И вдруг какая-то сила подхватила Сеньку и швырнула вместе с лошадью на тот берег. Суховеем налетели подводы; кривоносый, поднявшись на арбе во весь рост, орал благим матом, вертел над головой кнутом, напуская на одуревших и без того лошадей страх. За арбой, след в след, шла бричка. Деда Тимоху тоже муха ядовитая укусила: полосовал кнутом своих меринков, хрипел натужно, силясь что-то прокричать сквозь встречный ветер, квачом застрявший в горле.
За речкой обнаружил Сенька пропажу. Хвать рукой — нет кубанки. Придержал Искру. На гребле странное затишье. Солдаты стояли, понуро опустив головы.
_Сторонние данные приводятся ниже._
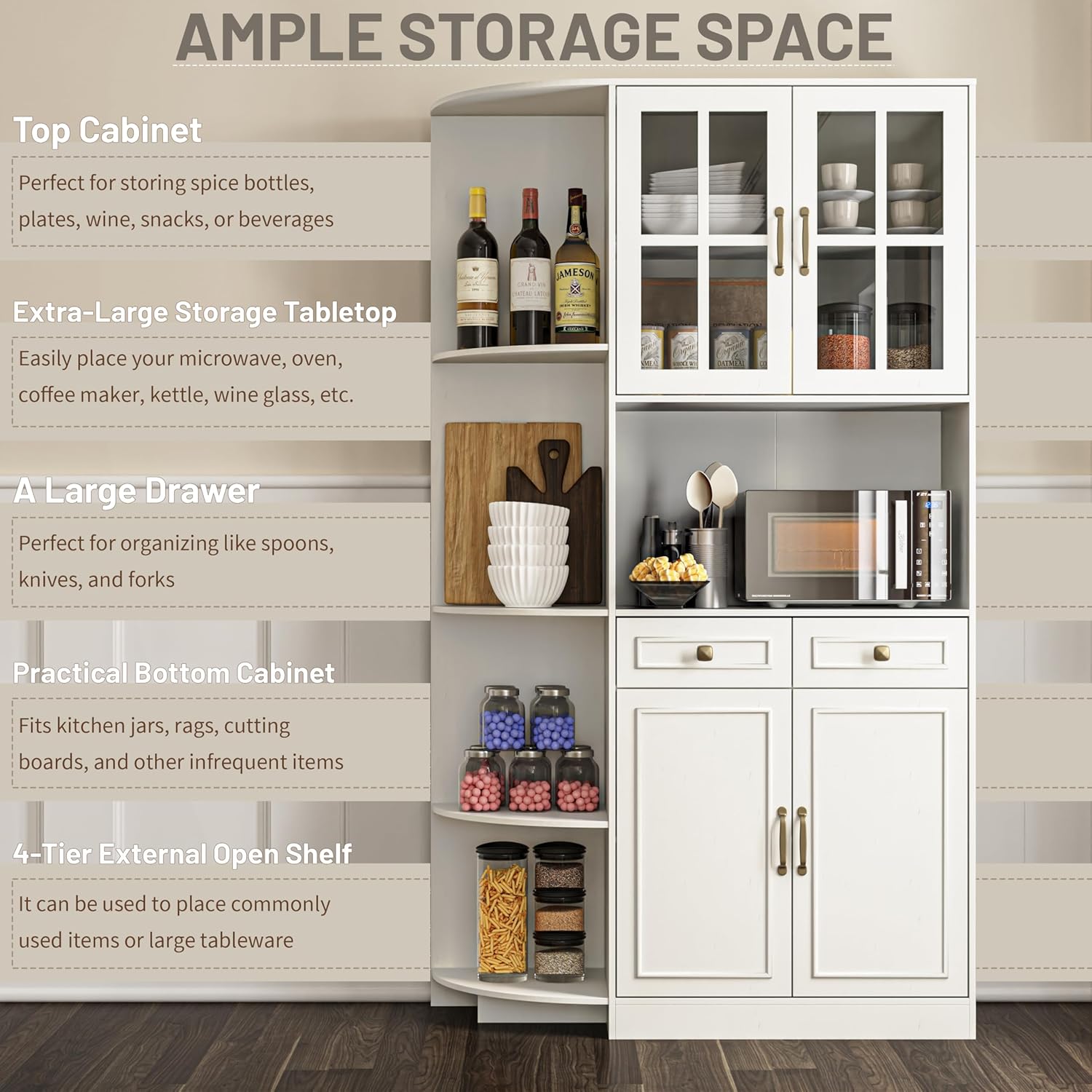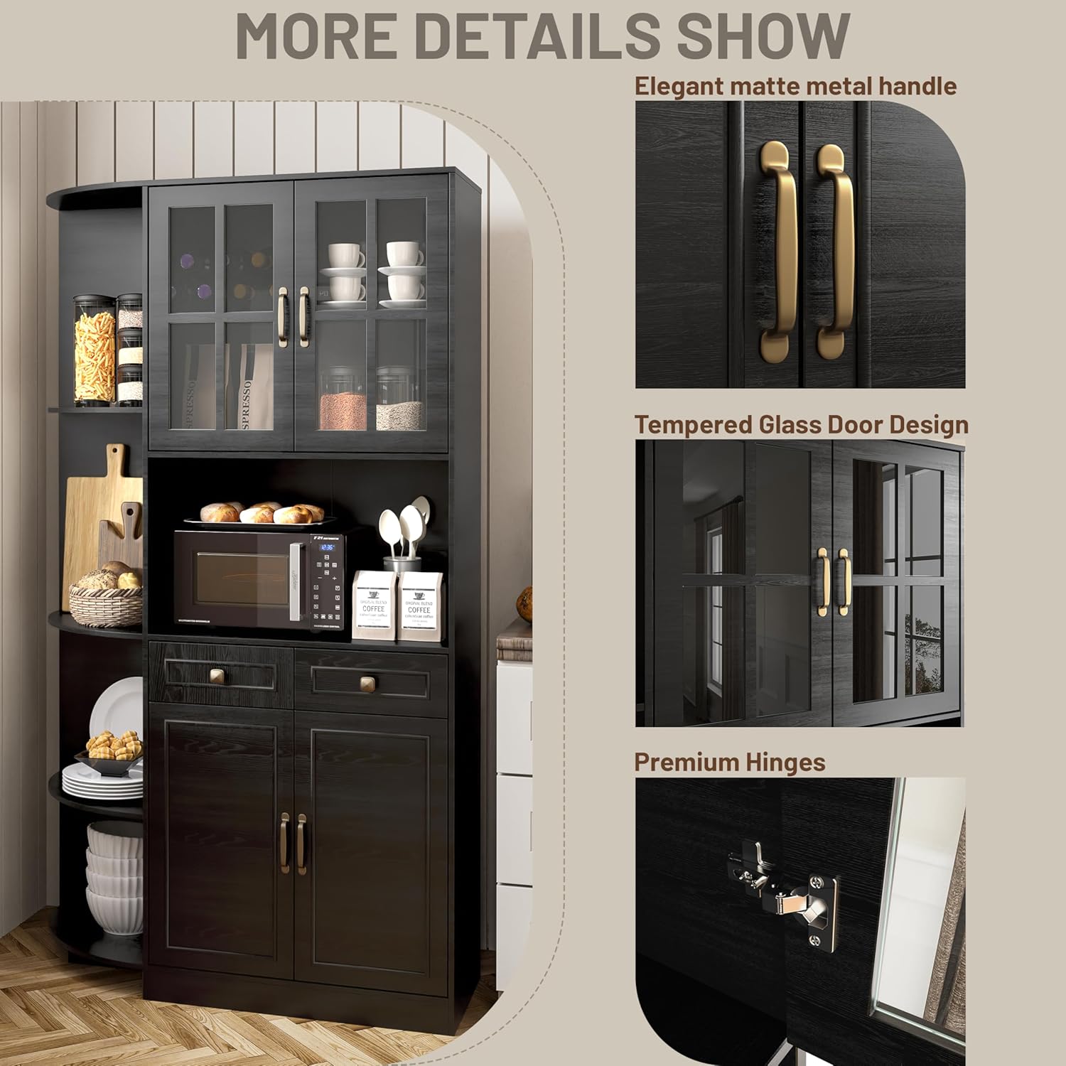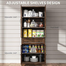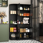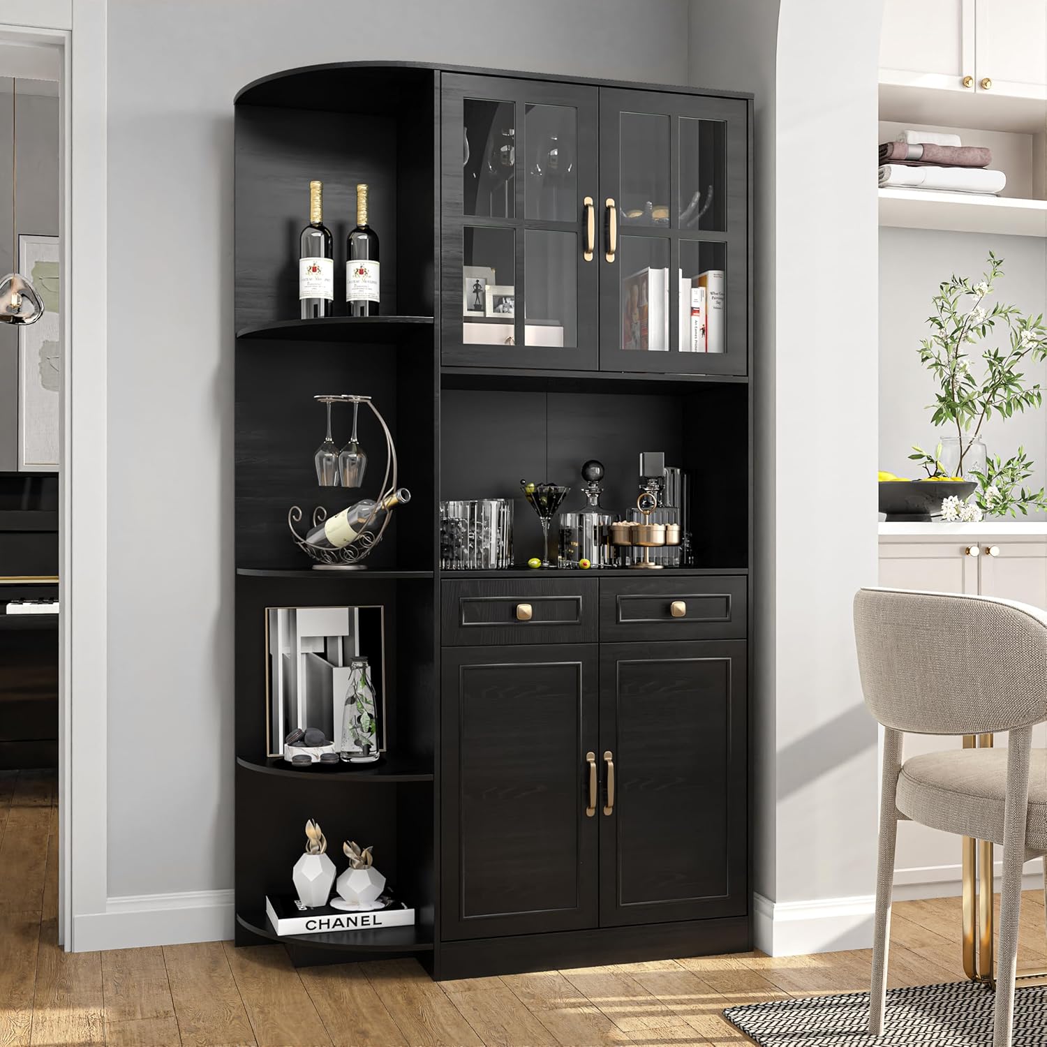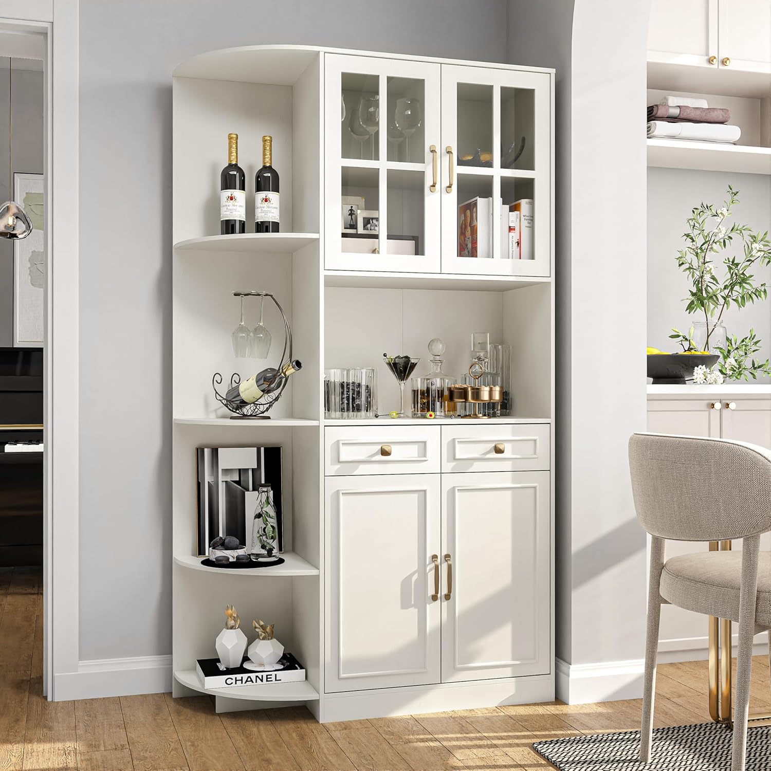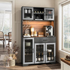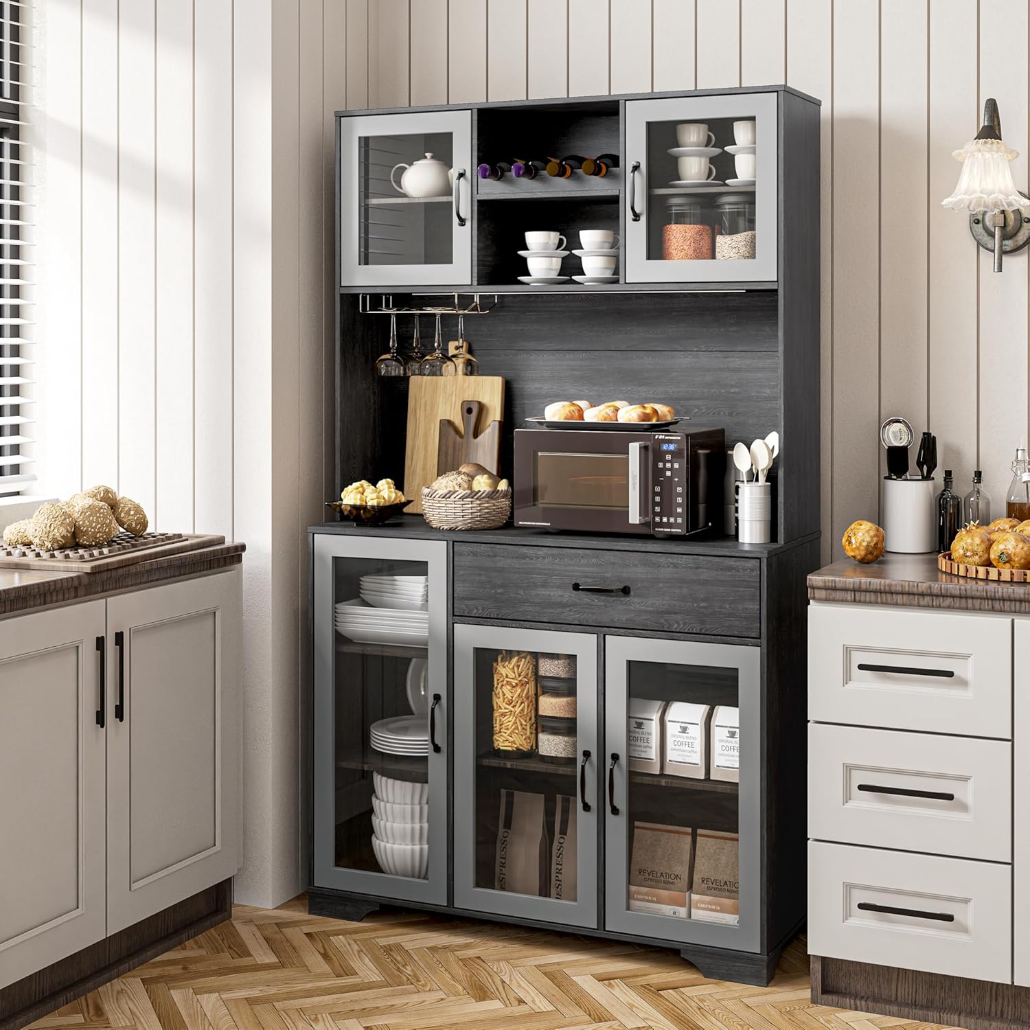 Transform your dining room or kitchen with a 71″ tall storage cabinet that functions as a coffee bar, liquor cabinet, or pantry — blending rustic charm with modern elegance.

Меж ними, как среди пней, бегал кто-то в ремнях, белой лохматой шапке, размахивая и указывая на него, Сеньку, пистолетом. «Офицер. Добре, что успели…»
— Бывай здоров, камарад! — Он помахал ему на прощанье плеткой.
Своих догнал Сенька на бугре, недоезжая лесополосы. Парни встретили восторженно, кричали все разом, восстанавливая обрывки только что виденного. Дед Тимоха явно не разделял восторга, насупив брови, проворчал:
— А шапку-то… оставил там.
Кто-то протянул треух, но Сенька отмахнулся.
— Чего зевали? Гнать надо было, а то стоя-ат, уставились…
Говорил сердито, хмурился, а глаза, еще не остывшие от возбуждения, искрились пылко и озорно.
— Спятил, — обиделся кривоносый. — Да мы не отставали. Только ты влетел на середку, как и мы следом. Скажи, Сашка?
Чернявый хлопец в куцем пиджаке из русской шинели поднял глаза, поддакнул.
Сенька примирительно улыбнулся:
— Чуть не стащили, воронье…
Позади тяжко вздрогнула земля. Над станицей расходился черный земляной шар — взорвали что-то в Панском саду. Тут же на виду оторвался снизу еще один шар, потом еще и еще… Степь забило как в лихорадке, звуки дошли до бугра с опозданием.
Вскочил на ноги чернявый паренек, заорал, размахивая шапкой:
— Большевики! Наши! Кривоносый успокоил его:
— Дура, склады рвут. Там снаряды у них.
Сенька, развязывая сбитый жгутом платочек, подмигнул:
— Отслужил, спасибо.
Скомкал небрежно его, сунул в карман. Без всякой видимой причины жиганул Искру плетью.
— Стоя-ать! Теперь домой, хлопцы.
Солнце светило недолго; потянуло ветром, слякотным, противным; из балок пополз туман: сверху валом пошли снеговые тучи. Лесополоса, до этого нарядная, вся в серебре, погасла, подурнела и стала черной, будто после дождя. Повалил снег. Хлопья падали огромные, мохнатые, как бабочки-капустницы, и таяли, едва усевшись наземь.
До Бурматы по целине гнал Искру в намет. Где выскочил из снеговой полосы, Сенька толком не заметил. Перемахнул балку, остановился.
По бугру снег задерживался, не таял. Щурясь, с удивлением оглянулся: и узнавал, и не узнавал знакомых мест. Еще вчера вечером степь была серая, грязная, неприветливая, а сегодня преобразилась, оделась в белое, как невеста. Неподалеку, в лощине, темнела бригадная мазанка; в ней Сенька проводил каждое лето, а там дальше торчали обугленные сваи сгоревшей колхозной кошары. Сиротливо стоял на одной ноге, поскрипывая, колодезный журавль, сруб скособочился, осел. К глухой стенке мазанки приткнулся трактор-колесник; считай, переждал годину дома в своих степях, а весной — за работу. Трудно придется первое время: один на весь колхоз.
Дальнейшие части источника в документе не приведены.